When it came to people she had perhaps been the clearer-sighted, but when it came to magic few could rival him. He looked down that hole in the mountainside, down and down to where it passed beneath the sea, down below that even to the roots of the mountain, which stood in the foundations of the world. Nowhere could he see the green-and-gold of her, nowhere hear the music of her existence. Out of all the things he saw there and all the things he heard, none of them were she; he disregarded the rest. He looked down until the sun rose, and when the first light touched him there on the peak of Iridathet he took up his lirin.
He played until he lost himself in the music.

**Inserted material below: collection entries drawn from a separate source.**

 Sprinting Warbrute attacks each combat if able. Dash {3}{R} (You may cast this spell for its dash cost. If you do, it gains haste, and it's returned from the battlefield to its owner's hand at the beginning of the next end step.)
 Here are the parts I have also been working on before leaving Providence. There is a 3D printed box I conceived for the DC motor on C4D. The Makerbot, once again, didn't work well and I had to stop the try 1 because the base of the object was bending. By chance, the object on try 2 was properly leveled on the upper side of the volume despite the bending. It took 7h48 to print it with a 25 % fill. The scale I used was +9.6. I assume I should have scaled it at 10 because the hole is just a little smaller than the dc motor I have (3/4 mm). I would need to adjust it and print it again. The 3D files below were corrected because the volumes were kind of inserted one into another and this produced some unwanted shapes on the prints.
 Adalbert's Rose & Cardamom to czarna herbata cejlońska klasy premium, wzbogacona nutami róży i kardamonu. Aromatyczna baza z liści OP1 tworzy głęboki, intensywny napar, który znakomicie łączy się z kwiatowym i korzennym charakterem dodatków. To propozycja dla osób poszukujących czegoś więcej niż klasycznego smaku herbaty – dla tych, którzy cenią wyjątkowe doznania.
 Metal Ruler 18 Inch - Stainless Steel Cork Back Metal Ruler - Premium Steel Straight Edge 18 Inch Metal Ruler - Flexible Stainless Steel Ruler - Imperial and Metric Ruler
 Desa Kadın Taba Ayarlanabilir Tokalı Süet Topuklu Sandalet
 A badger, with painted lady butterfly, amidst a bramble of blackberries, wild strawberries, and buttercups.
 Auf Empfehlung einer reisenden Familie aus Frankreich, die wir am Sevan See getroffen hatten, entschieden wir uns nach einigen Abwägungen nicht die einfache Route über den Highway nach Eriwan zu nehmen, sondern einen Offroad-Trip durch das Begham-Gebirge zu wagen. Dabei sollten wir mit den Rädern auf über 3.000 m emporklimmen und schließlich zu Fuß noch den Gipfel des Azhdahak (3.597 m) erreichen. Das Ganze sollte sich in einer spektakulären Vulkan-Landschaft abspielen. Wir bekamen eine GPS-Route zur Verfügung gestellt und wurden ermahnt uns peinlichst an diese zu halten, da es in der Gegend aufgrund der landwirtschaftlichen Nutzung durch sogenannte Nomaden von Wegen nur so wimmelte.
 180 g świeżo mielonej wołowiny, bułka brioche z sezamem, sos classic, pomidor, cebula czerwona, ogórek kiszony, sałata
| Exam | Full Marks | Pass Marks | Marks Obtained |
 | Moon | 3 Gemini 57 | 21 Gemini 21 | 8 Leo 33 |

He had never done that before: usually it was when he played that he was most himself. Then he knew luminosity and grace, then his mind was at the height of its brilliance, his heart and soul greatest, his whole being most complete. He felt it, and others saw it. Eurydice had told him that there were those who watched him play simply for the glory folded about him like the wings of the seraphim, who listened to the voice of the god informing his, who loved him for his ability to show beauty with a slow smile and a handful of notes.
But when he played that lament he lost himself and did not see how the clouds gathered and the shadows deepened around him. Autumn fled without her cornucopia; winter came early that year. The island of light, Phos that he loved, which had adorned itself so gladly for his wedding, became a grave. He would not have done it on purpose; but he lost himself, and did not know what he did.
The death of the year roused him. The sun that should have risen late and set early, on that shortest day, that year, that day, did not rise at all.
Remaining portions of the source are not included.